那笑容跟平时不一样,带着点狡黠,又带着点轻松,像在说“我抓住你们的小秘密了”。
“怎么了?”苏砚臣接过伞,靠在门框上。
“没什么。”赵汀兰从他身边走过去,进了堂屋,在太师椅上坐下来,自己倒了杯茶。
喝了一口,不紧不慢地说,“你们胡同里的那几个男的,挺恨你啊。”
苏砚臣愣了一下,眉头微微皱起来:“他们跟你说什么了?”
赵汀兰把茶杯放下,脸上的笑容没变,语气轻描淡写的:“说我嫁给你会倒霉,说你是绝户命,说你战场上伤了根不能生。就这些,翻来覆去就这几句。”

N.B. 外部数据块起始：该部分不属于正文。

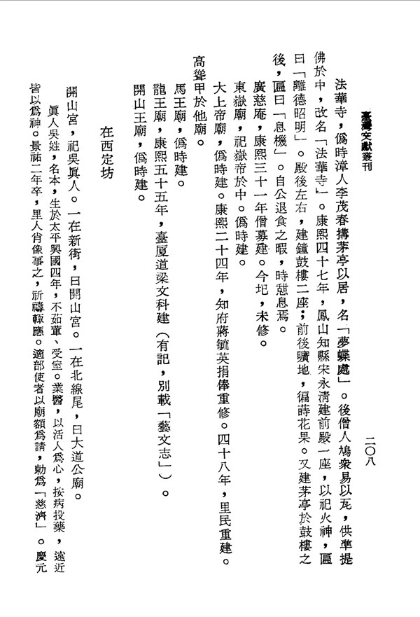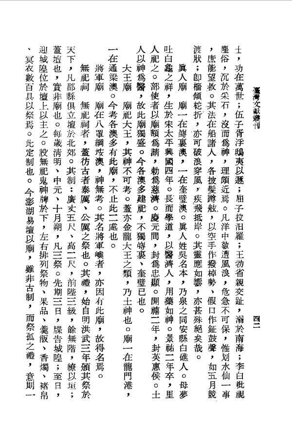 吳真人醫術如神,設保生大帝廟祭之 臺游日記卷三 台灣文獻史料叢刊 -

她顿了顿,抬头看着苏砚臣,眼睛亮亮的:“苏砚臣,你是不是得罪过他们?”
苏砚臣沉默了片刻,在她对面坐下来,把茶壶推过去,语气平静得像在说一台普通的手术:
“没有。就是他们自己没本事,看不得别人好。”
赵汀兰听完,点了点头,没追问,端起茶杯又喝了一口,目光落在他脸上,看了几秒钟,忽然笑了。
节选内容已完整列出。